Re: [s6-rc] How to handle longrun failures from Van Bemten, Lionel (Nokia

From: Van Bemten, Lionel (Nokia - BE) <"Van>
Date: Thu, 2 Mar 2017 16:24:37 +0000

I do want to supervise it, e.g. to restart it when SIGSEGV, but not
when a library is missing.

My daemon does not have readiness notification, so s6-rc considers
the transition to be successful. I do s6-svc -d . in the finish script, so
the daemon is not restarted by s6-supervise, but s6-rc lists it as "up".
To get s6-rc back to a coherent state, I need to call "s6-rc -d change svc",
but I first need to wait that s6-rc has finished its pending transition.

Basically when s6-rc reads 'd' or 'D' on the fifodir it could check whether
the service is still up or not (s6-svstat). However I am not sure if it is
acceptable that s6-rc receives such state changes from the outside:
what should it do with the dependencies then? Bring them down?
For applications that collaborate (i.e. with readiness notification) you
can probably do that, because depending services are not yet started,
but for others, it seems hazardous. Maybe for non-collaborating
daemons, up transitions should be considered successful only if the
daemon stays up for 1 second. Sounds awful at first but thinking about
it, it may not be such a bad idea...

Kr,
Lionel
________________________________________
From: supervision_at_list.skarnet.org <supervision_at_list.skarnet.org> on behalf of Laurent Bercot <ska-supervision_at_skarnet.org>
Sent: Thursday, March 2, 2017 4:00:27 PM
To: supervision_at_list.skarnet.org
Subject: Re: [s6-rc] How to handle longrun failures

>Using s6-rc, I am not sure how to handle longrun failures. Say I have a
>daemon which fails to start (e.g. missing library, cannot read its
>config...). I don't want to start it again.

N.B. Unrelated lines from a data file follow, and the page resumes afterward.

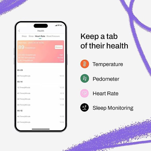 - Health Monitoring: Fitshot Junior monitors your child’s health by tracking their heart rate, body temperature, sleep quality, and blood pressure.
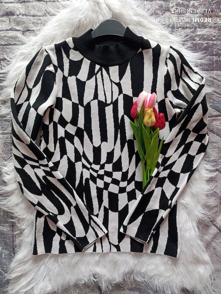 Заміри: ПОГ 40см, тягнеться до 52см; довжина від плеча 58см; плечі 33.5см; рукав 61см.
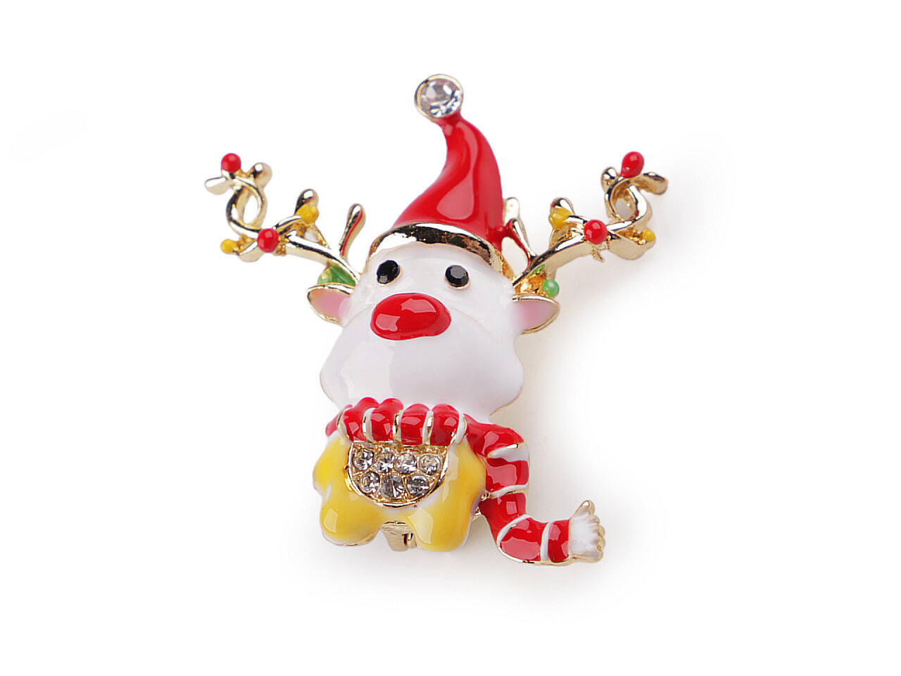 Vánoční brož se sobem s barevným smaltem bude veselým doplňkem vašeho oděvu. Je dozdobená broušenými kamínky, skvěle dozdobí košile, saka, svetry, kabelky i čepice. Brož má vzadu brožový špendlík. Je na plastové kartě, která se dá zavěsit na prodejní stojany. przeczytaj całość
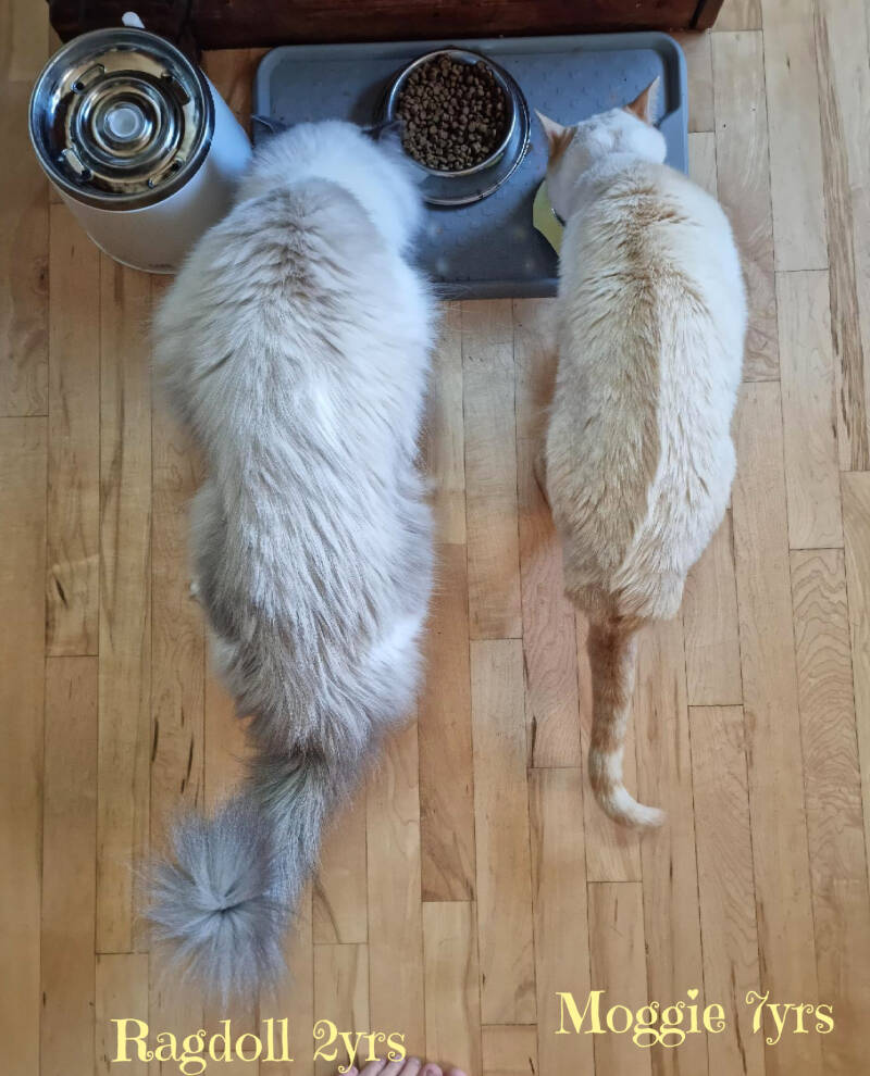 An example of a 2yr old Ragdoll with a 7 yr old cat to show the size. We are asked a lot if Ragdolls get along with dogs.
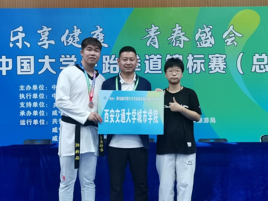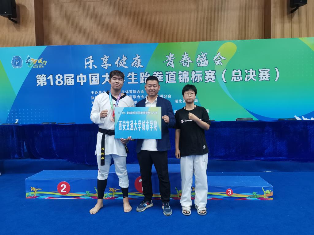 西安交通大学城市学院跆拳道队在教练员郑永权的带领下派出两名选手参赛。在激烈的比赛中,两位选手展现出了令人钦佩的勇气和决心。他们不仅敢于挑战强大的对手,而且在比赛中全力以赴,毫不畏惧。这种表现充分体现了西安交通大学城市学院学子们顽强拼搏、积极向上的精神风貌。他们的勇敢和决心为观众树立了一个积极向上的榜样,也展示了西安交通大学城市学院培养出的学生的出色品质。最终外国语学院英语2001刘柏涵同学获全国+87级别季军,艺术与设计学院视觉2301李思艺同学获全国-67级别第五名的优异成绩。
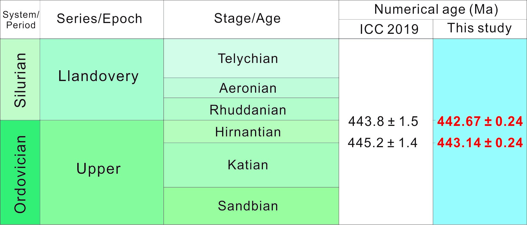 這些數(shù)據(jù)表明,赫南特階的時間跨度為 0.47 ± 0.34 Ma,明顯短于以前的推測 (1.4 ± 2.05 Ma,國際地層年代表ver. 2019/05)。赫南特盛冰期(Hirnantian glacial maximum)的持續(xù)時間為~0.2 Ma。
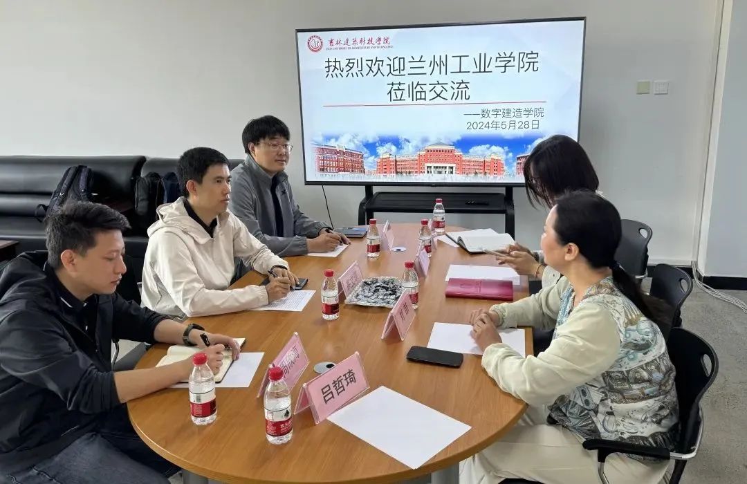 为切实加强院校间的教学经验交流,深入探讨智能建造技术专业的发展趋势和人才培养需求,兰州工业学院土木工程学院副院长高文琪、智能建造专业教师李京榜、周欣海于5月28日访问了我校数字建造学院,进行了观摩与交流活动。我校数字建造学院院长刘喆、副院长孙恒、院长助理吕哲琦以及教师吴奔鑫参加交流。

  It sounds like you don't want to supervise this daemon. In that case,
run it as a oneshot that backgrounds itself, and make sure the parent
exits nonzero if the child doesn't succeed.
  But if you do want to supervise it, keep reading:

> For oneshot transitions the return code determines whether the
>transition is successful or not. For longruns I see the only reason for
>an up transition to fail is a timeout on readiness notification.
>However I do not want to use a timeout in this case. Typically, in the
>finish script of a longrun service, I would like to decide, based on
>the return code or signal number, to put the service down.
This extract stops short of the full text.